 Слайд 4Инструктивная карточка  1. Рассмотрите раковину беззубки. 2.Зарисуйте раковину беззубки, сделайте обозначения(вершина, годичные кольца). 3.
--
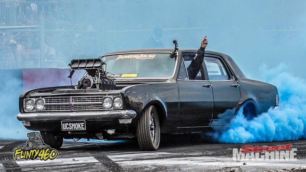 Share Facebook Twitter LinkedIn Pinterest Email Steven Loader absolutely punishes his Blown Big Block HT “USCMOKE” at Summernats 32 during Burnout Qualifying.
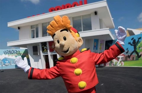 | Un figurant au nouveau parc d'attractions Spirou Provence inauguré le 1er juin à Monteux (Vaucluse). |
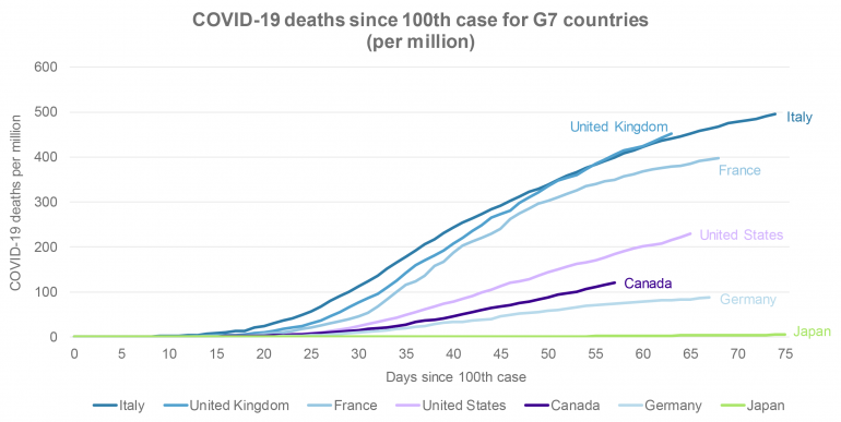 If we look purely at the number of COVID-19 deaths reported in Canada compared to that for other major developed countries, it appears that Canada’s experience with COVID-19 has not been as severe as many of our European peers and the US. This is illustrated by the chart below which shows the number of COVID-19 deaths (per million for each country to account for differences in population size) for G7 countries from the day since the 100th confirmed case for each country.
==
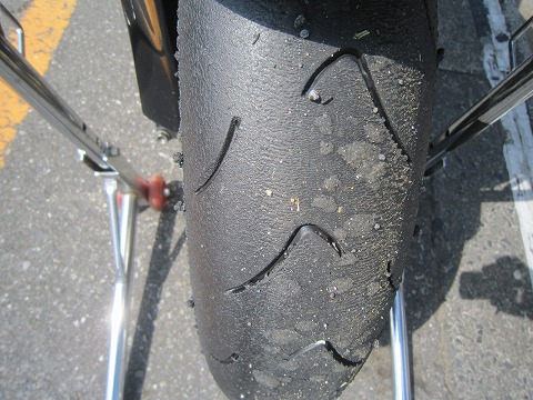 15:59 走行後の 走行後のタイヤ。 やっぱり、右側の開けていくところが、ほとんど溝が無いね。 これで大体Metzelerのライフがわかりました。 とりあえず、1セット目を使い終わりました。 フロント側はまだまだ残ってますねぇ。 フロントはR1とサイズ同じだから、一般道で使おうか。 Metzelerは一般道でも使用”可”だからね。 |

- EXERCISE REQUIREMENTS: Output only the lines above from the one containing "Monteux (Vaucluse). |" to the one containing "If we look purely", both included, exactly as written and with no pictures.

- WRITTEN RESPONSE:
 | Un figurant au nouveau parc d'attractions Spirou Provence inauguré le 1er juin à Monteux (Vaucluse). |
 If we look purely at the number of COVID-19 deaths reported in Canada compared to that for other major developed countries, it appears that Canada’s experience with COVID-19 has not been as severe as many of our European peers and the US. This is illustrated by the chart below which shows the number of COVID-19 deaths (per million for each country to account for differences in population size) for G7 countries from the day since the 100th confirmed case for each country.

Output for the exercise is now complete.